- _Listed records_:

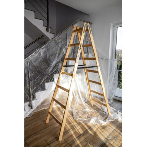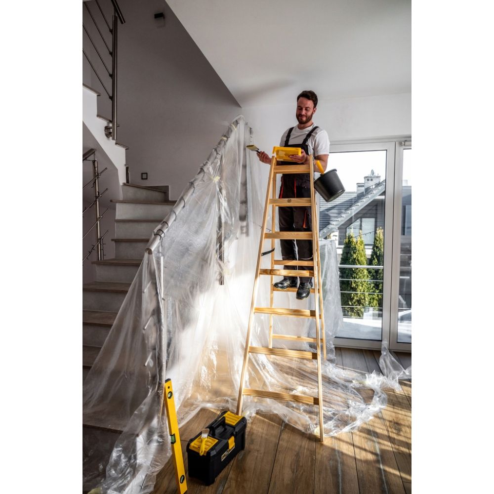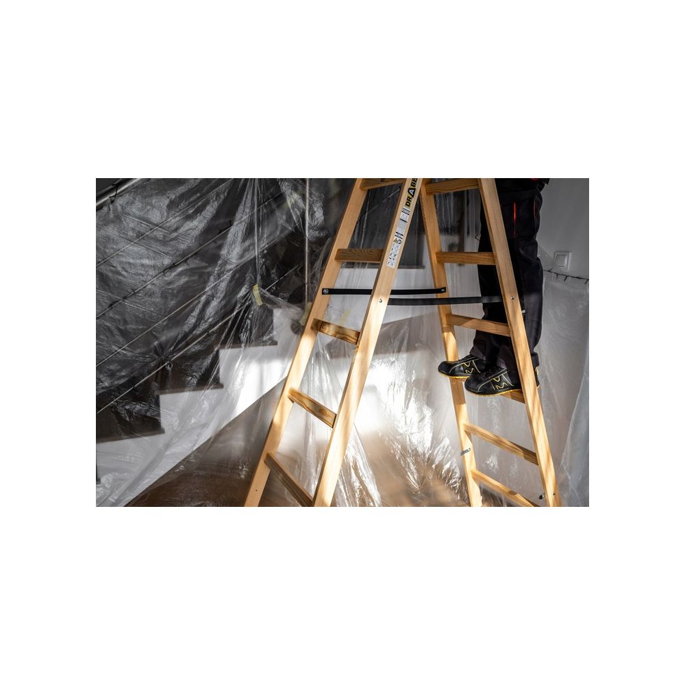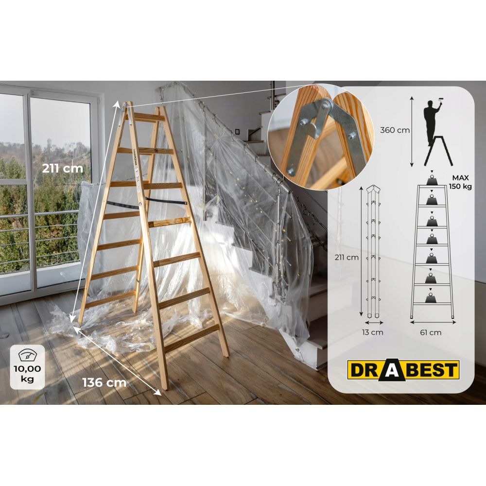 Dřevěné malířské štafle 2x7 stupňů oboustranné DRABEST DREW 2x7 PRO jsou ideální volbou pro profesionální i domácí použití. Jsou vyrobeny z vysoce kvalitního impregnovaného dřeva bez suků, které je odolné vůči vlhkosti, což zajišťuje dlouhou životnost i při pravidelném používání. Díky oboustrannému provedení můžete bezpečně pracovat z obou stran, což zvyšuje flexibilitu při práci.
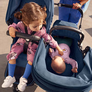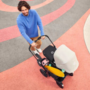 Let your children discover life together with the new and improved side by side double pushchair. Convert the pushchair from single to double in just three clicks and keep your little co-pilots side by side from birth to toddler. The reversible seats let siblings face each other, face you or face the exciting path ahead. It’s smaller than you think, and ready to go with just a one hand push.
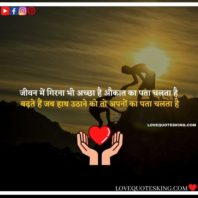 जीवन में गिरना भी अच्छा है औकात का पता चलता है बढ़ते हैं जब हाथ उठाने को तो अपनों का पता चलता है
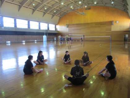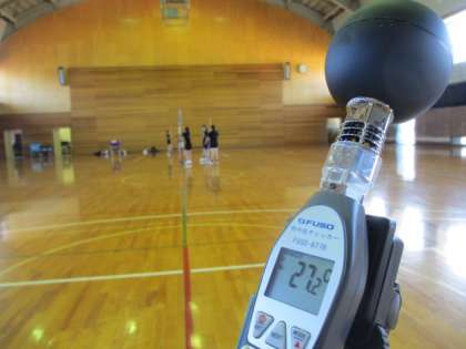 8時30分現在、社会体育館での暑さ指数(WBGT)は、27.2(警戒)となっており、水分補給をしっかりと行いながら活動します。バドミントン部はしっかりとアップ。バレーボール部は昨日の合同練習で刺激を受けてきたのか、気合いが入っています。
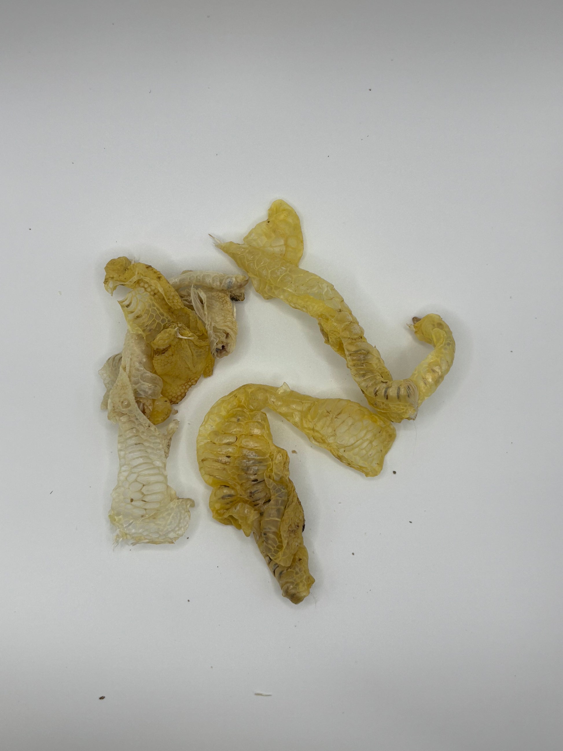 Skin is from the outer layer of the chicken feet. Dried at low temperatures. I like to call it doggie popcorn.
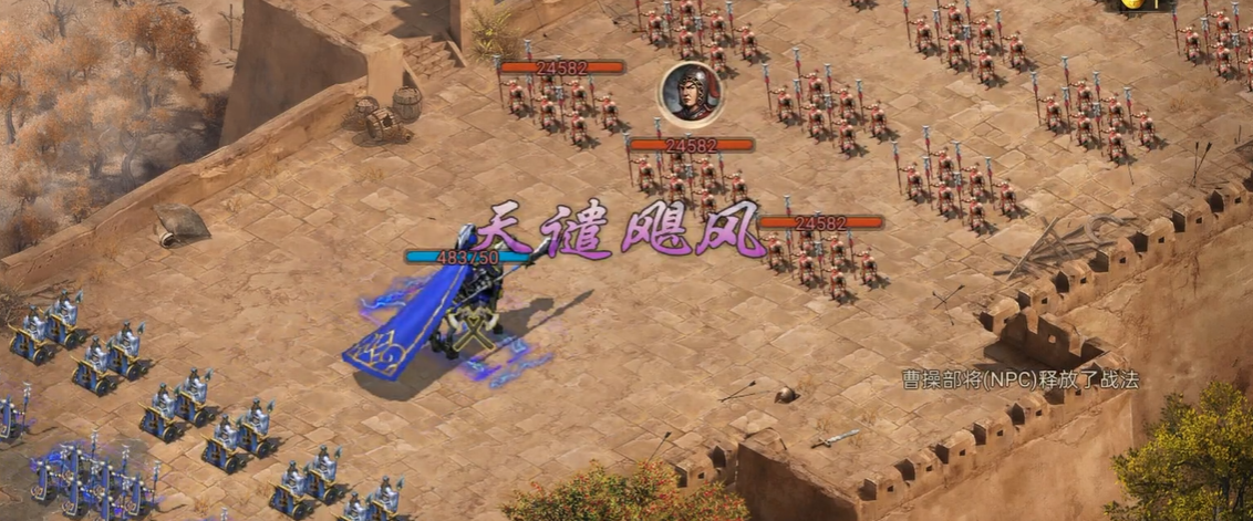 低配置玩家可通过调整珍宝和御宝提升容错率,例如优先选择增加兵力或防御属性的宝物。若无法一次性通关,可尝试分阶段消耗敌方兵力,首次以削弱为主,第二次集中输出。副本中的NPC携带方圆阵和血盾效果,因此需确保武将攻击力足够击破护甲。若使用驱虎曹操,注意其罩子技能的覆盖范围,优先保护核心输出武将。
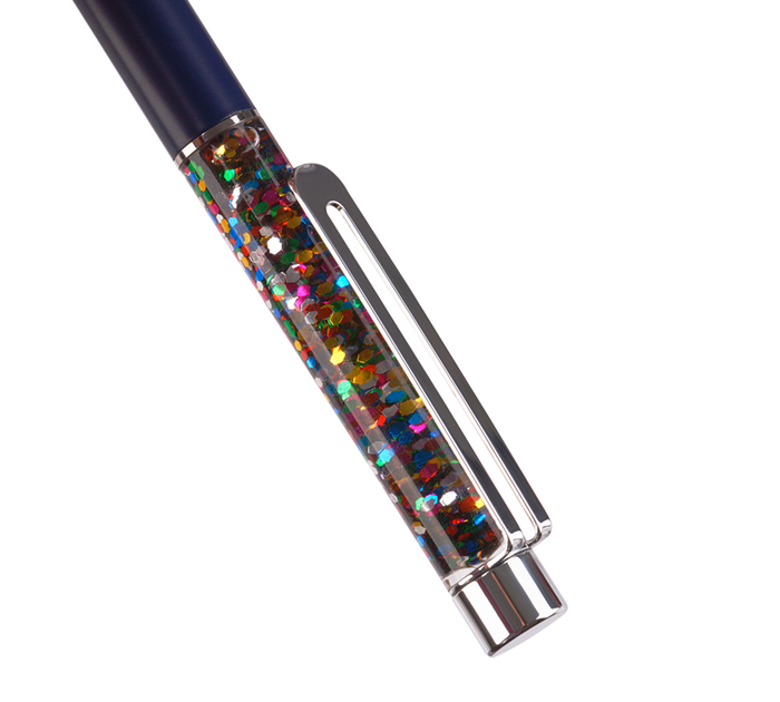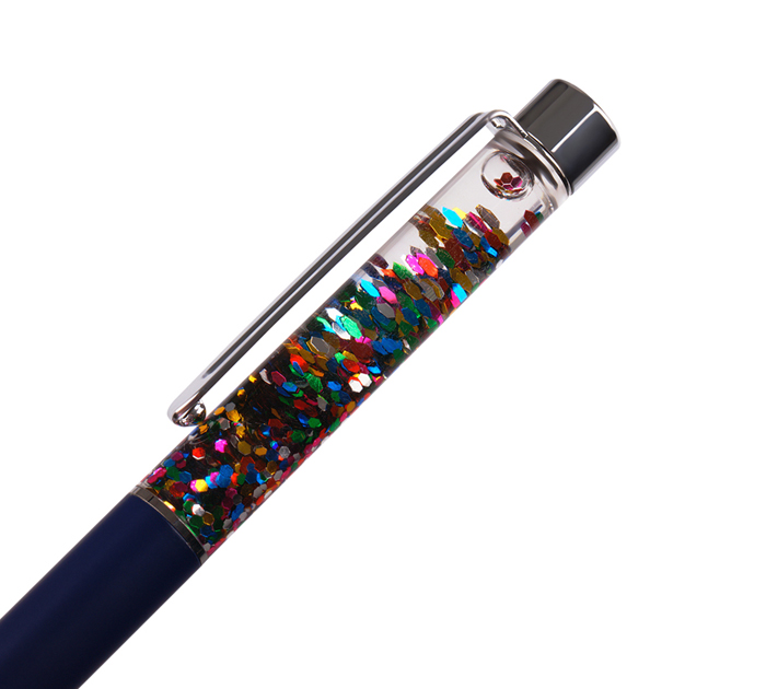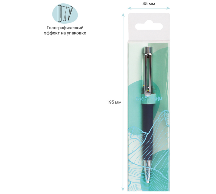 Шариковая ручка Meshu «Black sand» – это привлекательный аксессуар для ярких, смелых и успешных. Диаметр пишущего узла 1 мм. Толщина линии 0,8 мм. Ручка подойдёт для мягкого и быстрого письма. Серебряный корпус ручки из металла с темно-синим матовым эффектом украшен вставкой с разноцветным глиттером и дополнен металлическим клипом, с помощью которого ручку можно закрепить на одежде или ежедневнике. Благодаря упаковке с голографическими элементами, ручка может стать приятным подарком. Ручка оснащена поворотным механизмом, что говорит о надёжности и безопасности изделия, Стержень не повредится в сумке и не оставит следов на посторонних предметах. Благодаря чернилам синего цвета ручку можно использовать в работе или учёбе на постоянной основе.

- _What this task involves_:
Each line above starting at the one holding "जीवन में गिरना" and ending at the one holding "8時30分現在、社会体育館で" should be set down exactly as it stands, both ends included, with no pictures.

- _Written response_:
 जीवन में गिरना भी अच्छा है औकात का पता चलता है बढ़ते हैं जब हाथ उठाने को तो अपनों का पता चलता है
 8時30分現在、社会体育館での暑さ指数(WBGT)は、27.2(警戒)となっており、水分補給をしっかりと行いながら活動します。バドミントン部はしっかりとアップ。バレーボール部は昨日の合同練習で刺激を受けてきたのか、気合いが入っています。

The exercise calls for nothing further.